Entonces vino una voz del cielo: «Lo he glorificado y volveré a glorificarlo.»
La gente que estaba allí y lo oyó decía que había sido un trueno; otros decían que le había hablado un ángel.
Jesús tomó la palabra y dijo: «Esta voz no ha venido por mí, sino por vosotros. Ahora va a ser juzgado el mundo; ahora el Príncipe de este mundo va a ser echado fuera. Y cuando yo sea elevado sobre la tierra atraeré a todos hacia mí.»
Esto lo decía dando a entender la muerte de que iba a morir.
HOMILIA- I
Exégesis: Juan 12, 20-33.
Se abre el texto con la llegada de unos gentiles que quieren ver a Jesús. Expresan su deseo y desaparecen. Felipe y Andrés son los intermediarios. Esta presencia ya había sido anticipada: «Tengo otras ovejas que no pertenecen a este redil» (Jn 10,16). En el texto se culmina también la hora de Jesús: «Aún no ha llegado mi hora»; «Nadie le echó mano porque no había llegado su hora»; «Sabiendo Jesús que llegaba la hora»; «Padre, ha llegado la hora». Hasta el texto de hoy era algo futuro: hoy se consagra el presente de esa hora: «Ha llegado la hora». Esta hora coincide con la presencia de los gentiles que quieren ver a Jesús. Esta presencia anticipa y anuncia la cruz: «Cuando yo sea elevado sobre la tierra, atraeré a todos hacia mí». La cruz es el referente universal de salvación. De ahí su alcance universal: «Si el grano de trigo no muere…». La abundancia de fruto equivale a la presencia de los gentiles. La cruz es el medio por el que la vida eterna llega a los hombres.

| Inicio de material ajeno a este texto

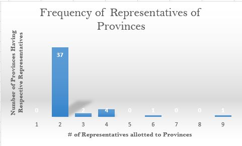 A Histogram showing the frequency of elected officials for Burkina Faso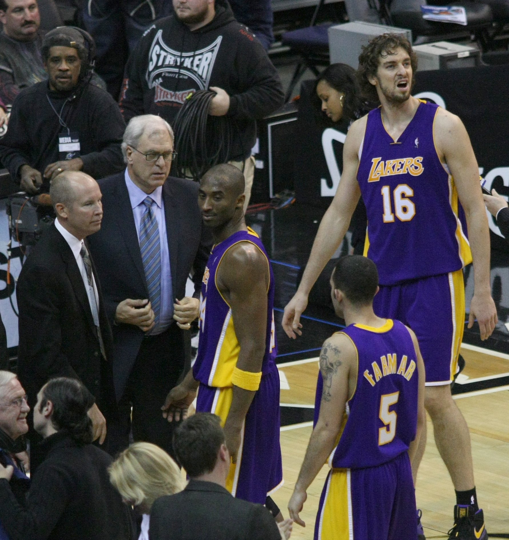 Washington Wizards v. Los Angeles Lakers, 12/05/08

Si el grano de trigo no muere, vale también para los discípulos: «Donde esté yo, allí también estará mi servidor». No valen excusas: «El que se ama a sí mismo, se pierde; el que se aborrece…, se gana para la vida eterna». Lenguaje contundente, inquietante: hay que devolver al ser cristiano toda su garra. Se intuye el desánimo del lector y por eso se habla del reconocimiento del Padre: «Al que me sirva, el Padre lo honrará».

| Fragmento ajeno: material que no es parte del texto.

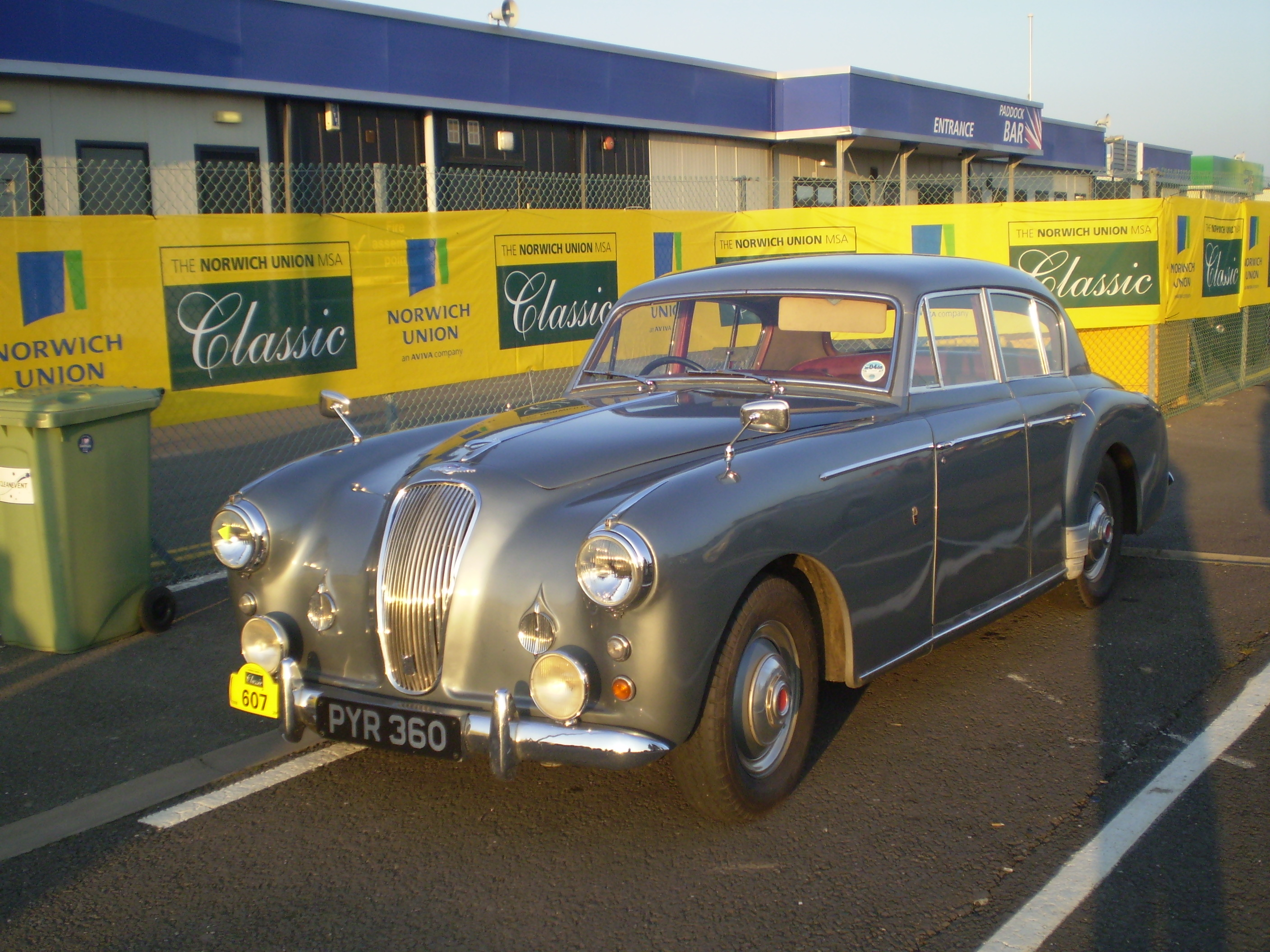 Lagonda 3 litre 1955(DVLA) first registered 24 June 1955, 2922cc

En los vv. 27-30 se reconoce al Hijo por el Padre cuando llega la hora de la cruz. El «No se haga lo que yo quiero» de los Sinópticos, lo traduce Juan: «Padre, da gloria a tu nombre». La voz del cielo responde: «Lo he glorificado y de nuevo lo glorificaré». El diálogo Padre-Hijo sitúa la cruz en lo que los Sinópticos ponen en el bautismo y transfiguración.
Comentario
Sabemos a qué atenernos. El Padre está detrás del Hijo en la hora de la cruz. Esta hora es la de la gloria del Padre. Se hace visible su amor de Padre entregando a su único Hijo.

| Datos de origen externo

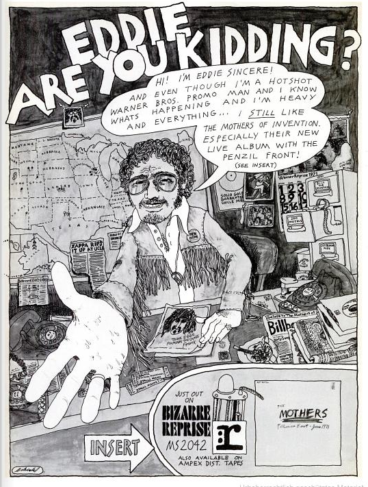 Eddie Sincere of Warner Bros. still likes The Mothers of Invention, 1971

El Crucificado está en el centro de nuestra fe y de la predicación. Su luz llega hasta nosotros e ilumina la sombra que se mueve y que es nuestro caminar. Quiero detener esa hora que ha llegado a mis manos y a mi corazón, indicándome que hay un punto misterioso a partir del cual todo se transforma en luz. Quiero acercar la hora de Jesús a nuestra hora.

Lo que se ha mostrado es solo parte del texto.